Informative Mapping by VESGEN Analysis of Venation Branching Pattern in Plant Leaves Such as Arabidopsis thaliana

2011 
Humans face daunting challenges to successful extra-terrestrial exploration and colonization, including adverse alterations in gravity and radiation. The Earth-determined biology of plants, animals and humans is significantly modified in space environments. One physiological requirement shared by larger plants with humans and animals is a complex, highly branching vascular system. Genetic programs for these vasculatures respond sensitively to alterations in cellular metabolism, immunological status, and other specialized cellular/tissue signals resulting from environmental effects. VESsel GENeration Analysis (VESGEN) software is being developed at NASA Glenn as a mature, userinteractive research computer code for mapping and quantification of the fractal-based complexity of vascular branching. Change in vascular branching pattern provides an informative read-out of alterations in complex regulatory signaling pathways.

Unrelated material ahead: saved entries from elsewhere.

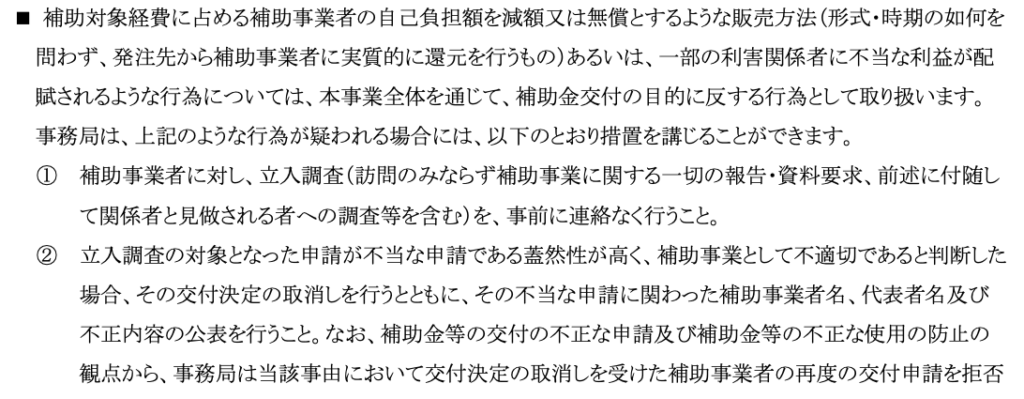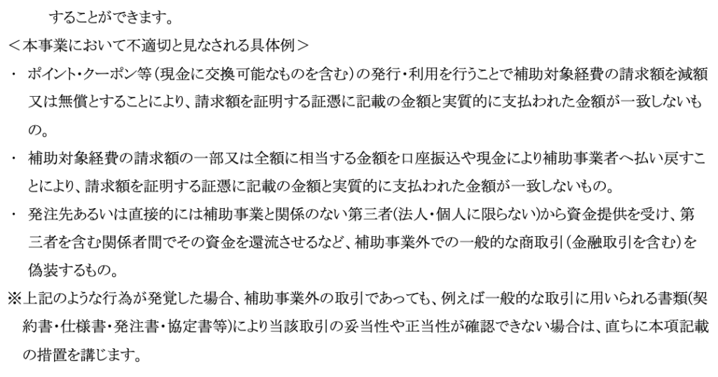 発注先から補助事業者に実質的に還元を行うものは、本事業の目的に反する行為。
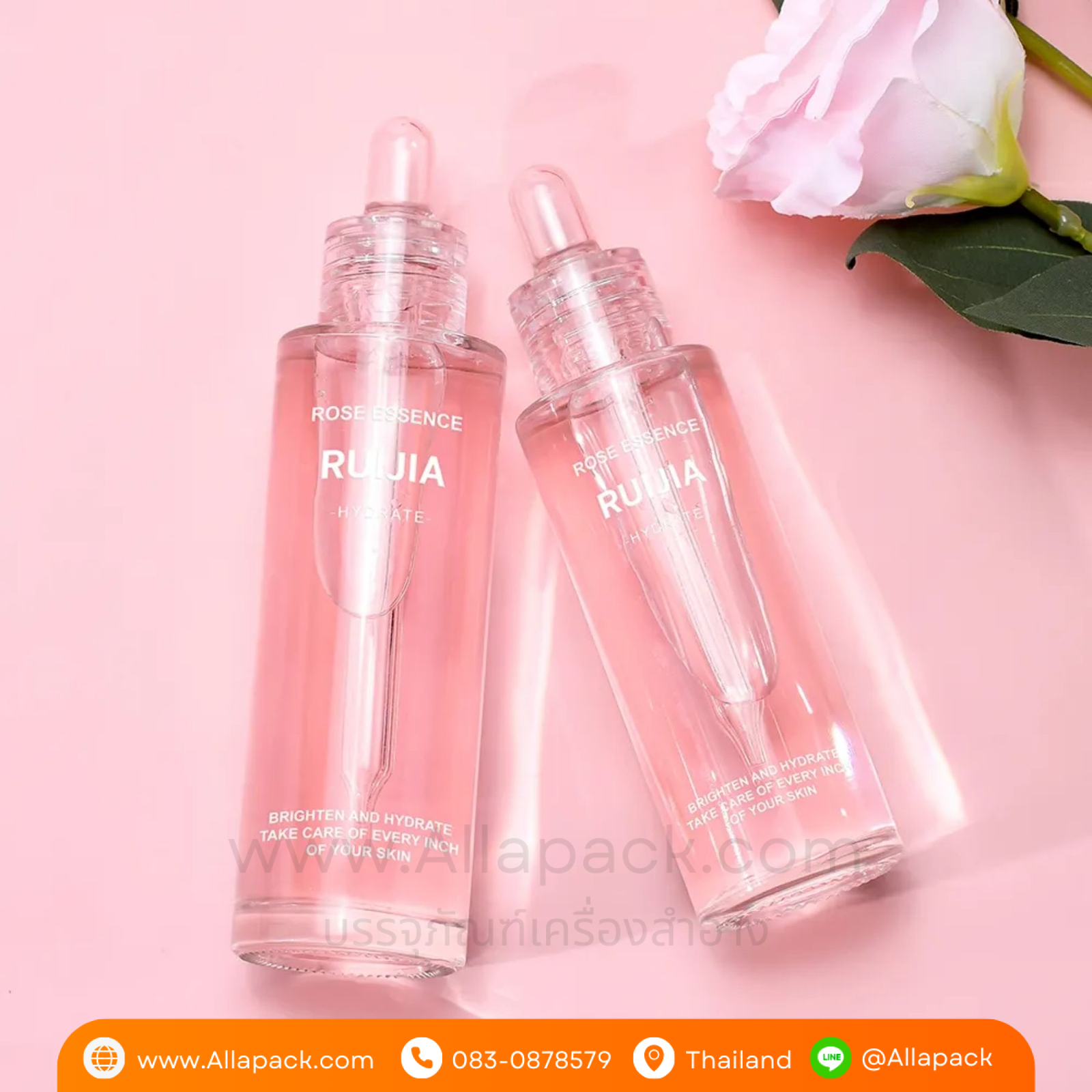 | Shape ลักษณะ | ขวดแก้วทรงกระบอกใส พร้อมฝาดรอปเปอร์ใส |
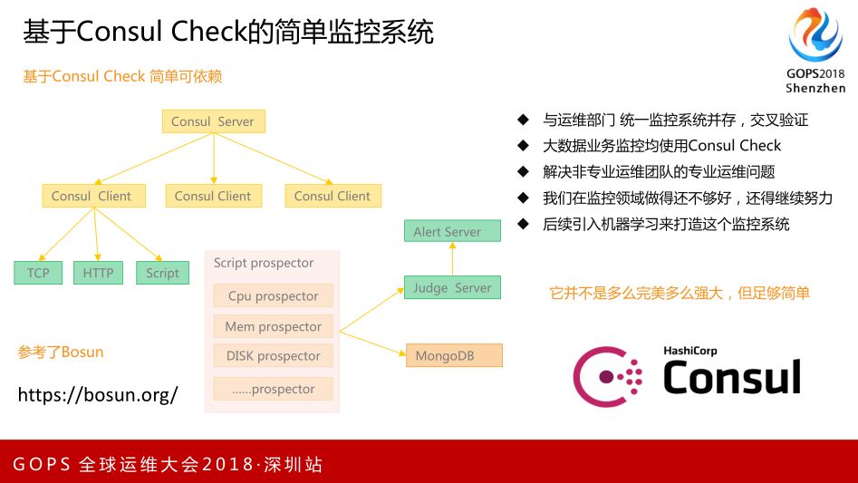 它并没有很强大,它只是很简单、很够用,最核心的点和整个的骨架都是Consul完成的,报警、业务是我们自己开发的,也是我们自己需要做的东西。核心是如何采集,采集时有很多监控脚本,有没有现成的。
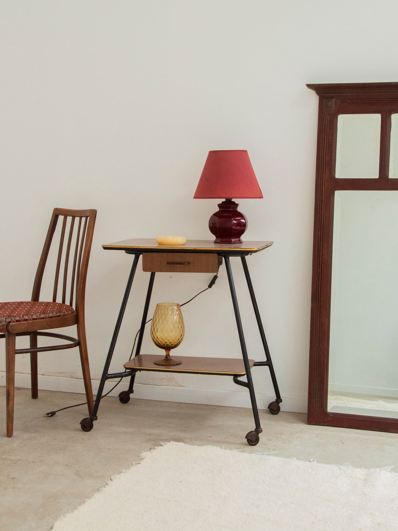 Add a touch of warmth with this burgundy lamp featuring a red-pink fabric shade, whose enveloping hue diffuses a soft light. Its elegant base with clean lines provides a discreet and contemporary presence, perfect for a side table, bedside table, or reading nook. The interplay between the base and the shade creates an intimate and elegant atmosphere, ideal for warming up a living room or adding a splash of color to a bedroom.
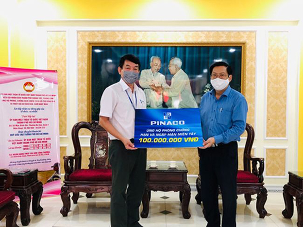 Đồng thời, PINACO cũng đã trao tặng 100 triệu đồng thông qua Ủy ban mặt trận Tổ quốc Việt Nam tại TP. HCM tiếp sức đồng bào các tỉnh Miền Tây đang gặp khó khăn do ảnh hưởng khốc liệt của biến đổi khí hậu, hạn hán, xâm nhập mặn.
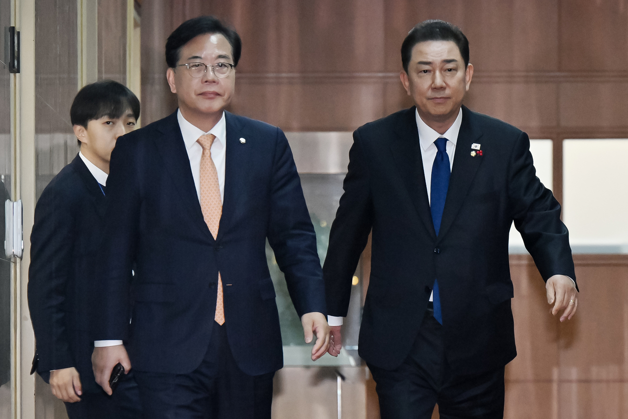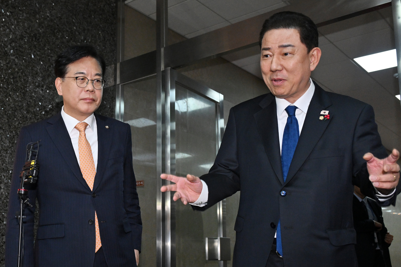 | 김병기(오른쪽) 더불어민주당 원내대표와 송언석 국민의힘 원내대표가 9일 국회에서 우원식 국회의장과 회동을 가진 뒤 의장실을 나서고 있다.이상섭 기자 |

VESGEN has provided novel insights into the cytokine, transgenic, and therapeutic regulation of pathological and physiological angiogenesis, lymphangiogenesis, and other microvascular remodeling phenomena (Liu et al., 2009; McKay et al., 2008; Parsons-Wingerter et al., 1998, 2000a&b, 2006a&b, 2010). Vascular morphology is mapped and quantified by userspecified selection from the VESGEN Tree, Network and Tree-Network Composite Analysis Options. Innovative applications described in these studies include disease progression from ophthalmic clinical images of the human retina, experimental regulation of vascular remodeling in the mouse retina, avian and mouse coronary vasculature, and other experimental models in vivo reviewed recently by Vickerman et al. (2009).